地方議会に非拘束式比例制を導入するとどうなるだろうかー疑問にお答えして

大佛次郎論壇賞を受けたことで,先日朝日新聞に割と長い寄稿を行う機会を頂きました。これまでも同じ朝日新聞の「耕論」欄や日本経済新聞の「経済教室」欄で割と長い寄稿の機会を頂いて,地方議会の選挙制度の問題点について触れることがありましたが,残念ながら具体的にどういう案があるかということに触れるほどの紙幅はなかなかありませんでした。ただ先日「経済教室」欄にそのようなことを書いたこともあり,今回はせっかくなので提案についてなるべく具体的に書いてみることができました。基本的には,2015年に『地方議会人』という業界誌(?)に書いたものを縮小したものです。より具体的にはこちらをどうぞ。校正前原稿です。

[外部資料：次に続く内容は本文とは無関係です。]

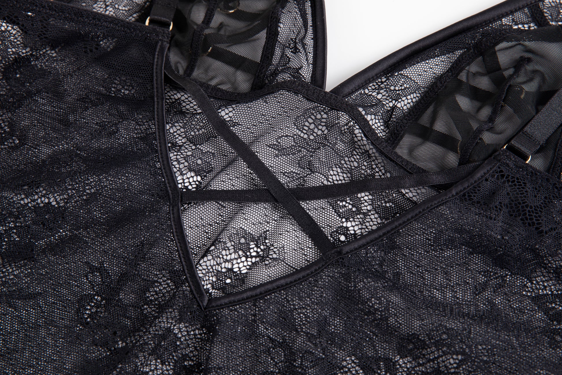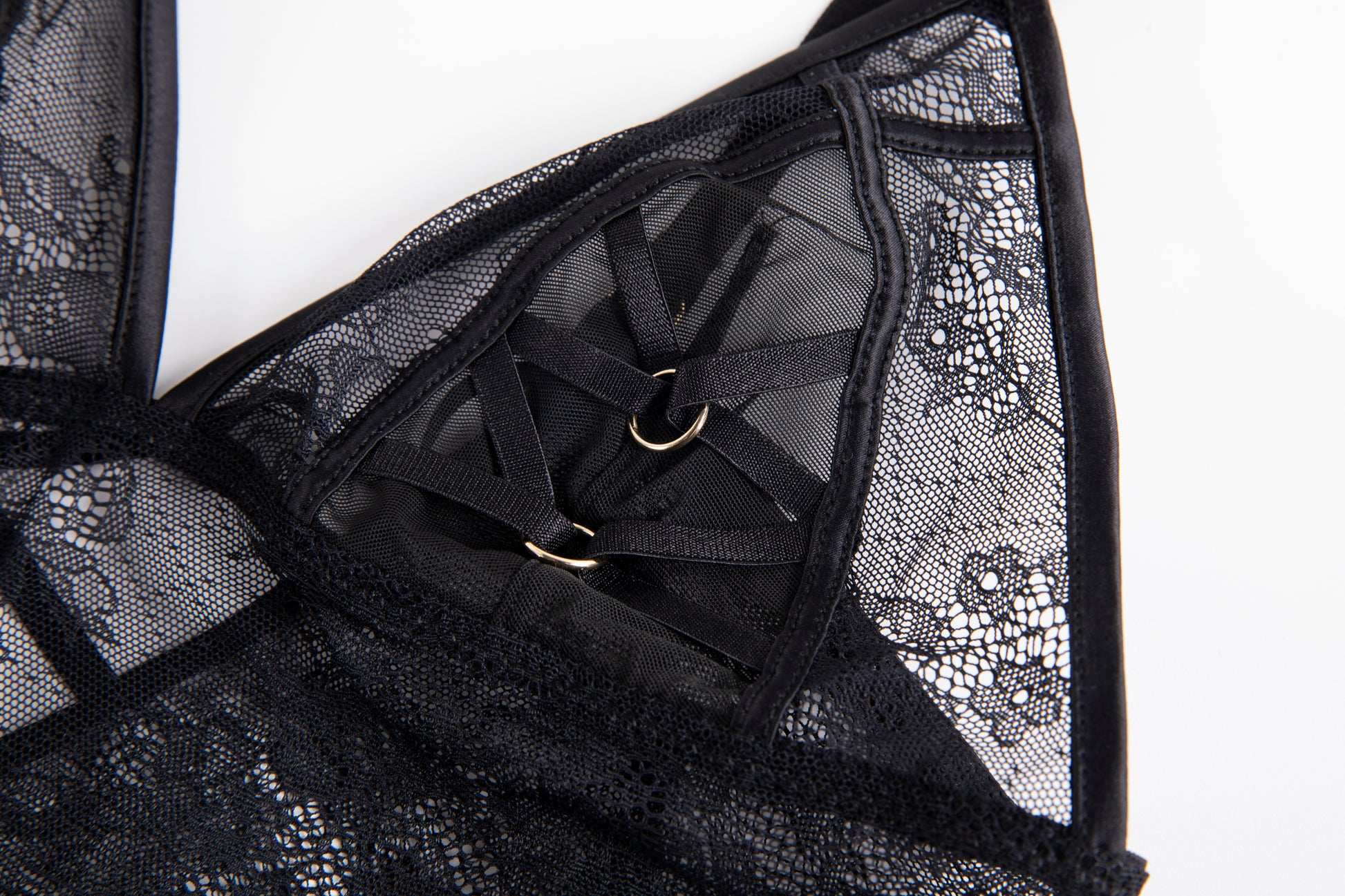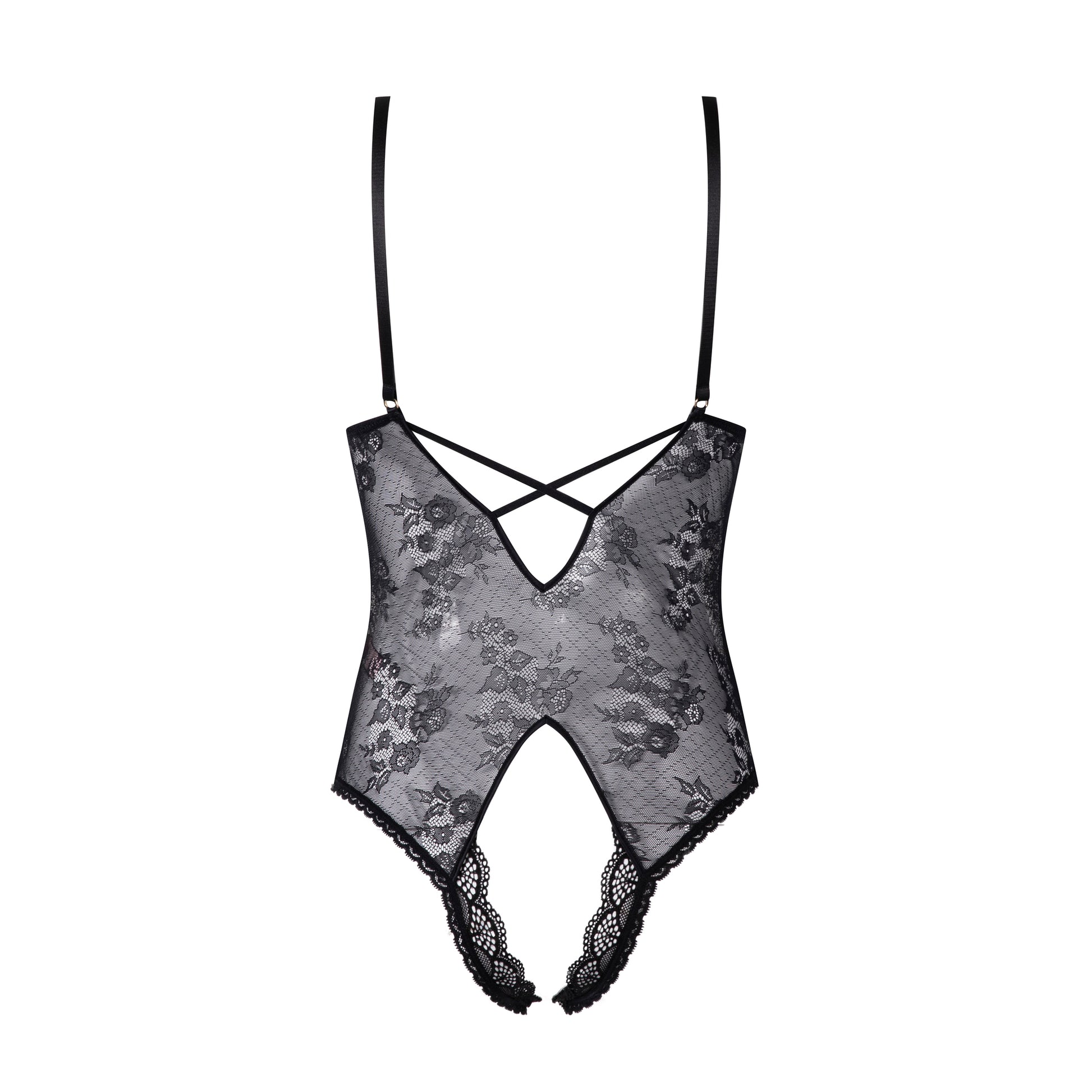 A celestial blend of seduction and elegance, this open-crotch bodysuit is crafted from delicate floral lace that flatters and reveals in equal measure. Soft triangle cups are framed by bold strappy detailing and gold-tone accents, while adjustable straps ensure a flawless fit. The open back is finished with fine, intersecting straps. Sensual, sheer, and bold — Selene was made to mesmerize.

具体的に非拘束式の比例制を導入してはどうか,と書いたこともあり,大変ありがたいことに,ツイッターで見る限りですが当事者である地方議員の方からも反応を頂きました。検索で確認できた範囲でのコメントとしては,地方議会の問題はその通りだと思うけど/国政との連動を強調するのは疑問,というものが多かったと思います。現に地方議員として活動されている方々から見ればもっともなお話で,できる範囲でお応えすべきではないかと思いブログを書こうと思いました。

地方議会で比例制を入れたときに,国政との具体的に関係がどうなっていくか,という問いについては,大変残念ですが確定的なことは言えないというのがまず申し上げるべきことだと思います。現状の選挙制度に問題が大きく,その問題を緩和しつつ,移行可能性の高い,よりマシな制度を考えるべきではないかというのが私の基本的なスタンスです(このあたりのスタンスについては,九州大学の岡崎先生のブログで少しお話したことがあります)。現行の衆議院総選挙での小選挙区比例代表並立制を維持するのであれば,地方議会でも小選挙区制や完全連記制が考えられると思いますが,選挙区割りをしたり議員定数削減をしたりする必要が出るでしょうし,同じような多数制である首長との役割分担をどう考えるかも難しくなります(このあたり,『地方議会人』の原稿にもう少し詳しく書いています)。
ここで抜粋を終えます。